L'affaire du recours contre le PPP lié au déménagement du TGI de Paris a été réexaminée le 14 mars par la CAA de Paris. Le rapporteur public a estimé que l'association requérante justifie d'un intérêt pour agir. Celle-ci pourrait alors saisir le Conseil d'Etat. Il a en revanche considéré que le projet remplit toutes les confitions exigées pour recourir à un contrat de partenariat.
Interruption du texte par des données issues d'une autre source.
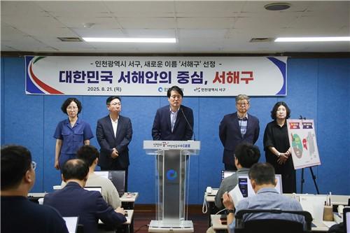 인천 서구(구청장 강범석)는 21일 목요일 인천시청 브리핑룸에서 기자회견을 열고, 행정 체제 개편에 따라 검단구와 분리되는 서구의 새로운 명칭으로 '서해구(西海區)'를 최종 선정했다고 공식 발표했다.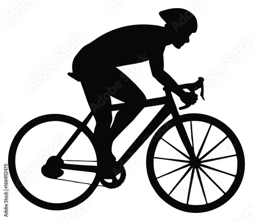 © vectorart092, Naklejka premium Silhouette of a cyclist riding a bicycle on a white background simple design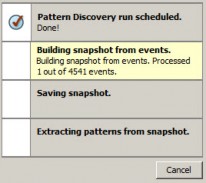 In the Viewer panel, the system processes the snapshot request and shows each process as the Pattern Discovery engine runs: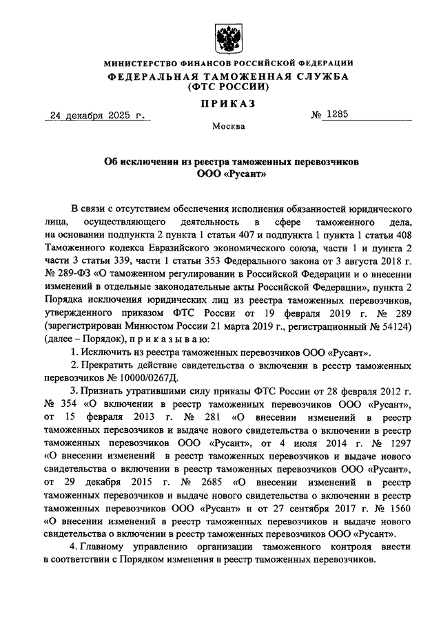 ПРИКАЗ ФТС РФ от 24.12.2025 N 1285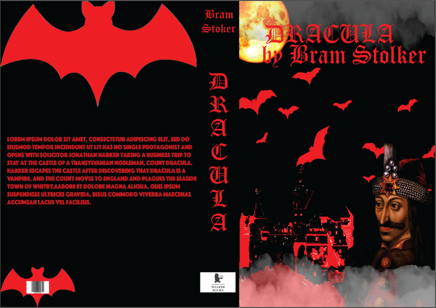 This are my finale products of my back cover, spine and front cover i have went with this team because it about Dracula and Dracula is a vampire. I went on with out a plan I did it this way because i was thinking that the red will be like blood that vampires go crazy over it. I went on Photoshop and first I have done the front cover to make it I took an image of Vladimir the impaler to add him and then i took the castle that he was living in at the time then i have took a moon to put on top left of the front cover that is the only object. The spine has the publishers logo the name of the book and the author. The back of it is made wi two bats i got from google an bar code and that is. I think it turned ok but i could of done a better one if i would change the back writing with the blurb with is about the book and the story and one more thing could be on the front cover on the top it could be more down to be able to read better.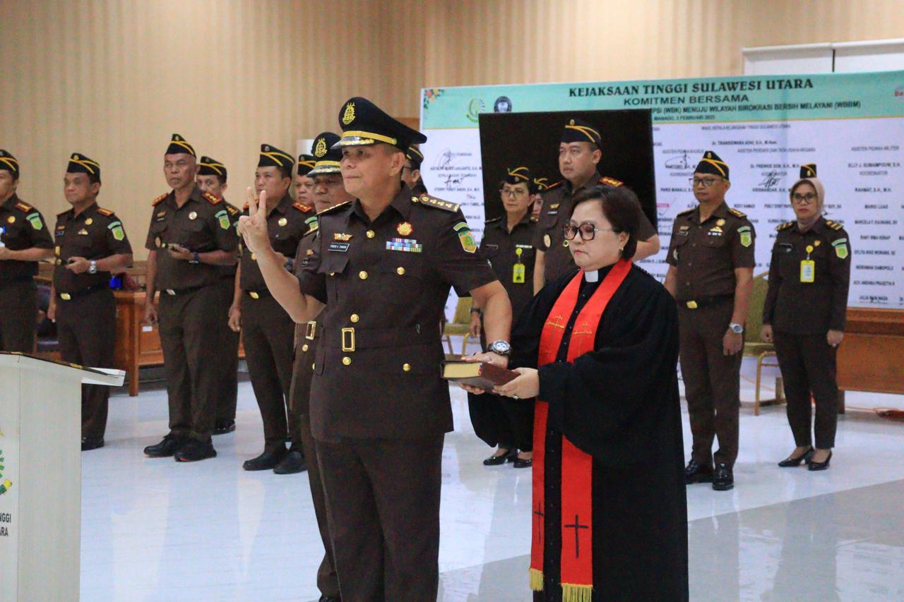 Pilarportal.com, Manado – Kajati, Kepala Kejaksaan Tinggi Sulawesi Utara, Dr. Andi Muhammad Taufik, S.H.,M.H., CGCAE., melantik Kolonel Laut (KH) Fredie Alexander Tamara, SH., MH. sebagai Asisten Tindak Pidana Militer (Aspidmil) Kejati Sulut pada hari Selasa, 11 Maret 2025 di Aula Sam Ratulangi.

Nouveau rebondissement dans l'affaire du déménagement du tribunal de grande instance (TGI) de Paris en dehors de l'île de la Cité. Dans les faits, l'association "La justice dans la Cité" demande l'annulation du contrat de partenariat public-privé (PPP) passé en février 2012 entre l'Etablissement public du palais de justice de Paris (EPPJP) et le groupe de BTP Bouygues pour l'édification du nouveau palais de justice, près de la porte de Clichy. Dans un jugement du 17 mai 2013, le tribunal administratif de Paris avait jugé cette requête irrecevable, faute pour l'association d'avoir justifié d'un intérêt à agir suffisant contre la décision de signer le contrat de partenariat.
Portée une première fois devant la cour administrative d'appel de Paris le 14 janvier 2014, l'affaire est de nouveau examinée, de manière exceptionnelle, par la même juridiction d'appel en Assemblée plénière le 14 mars 2014. Au cours de cette audience, le rapporteur public a considéré que la requête de l'association était recevable mais il a également estimé sur le fond que certains des critères permettant de recourir au PPP étaient effectivement remplis.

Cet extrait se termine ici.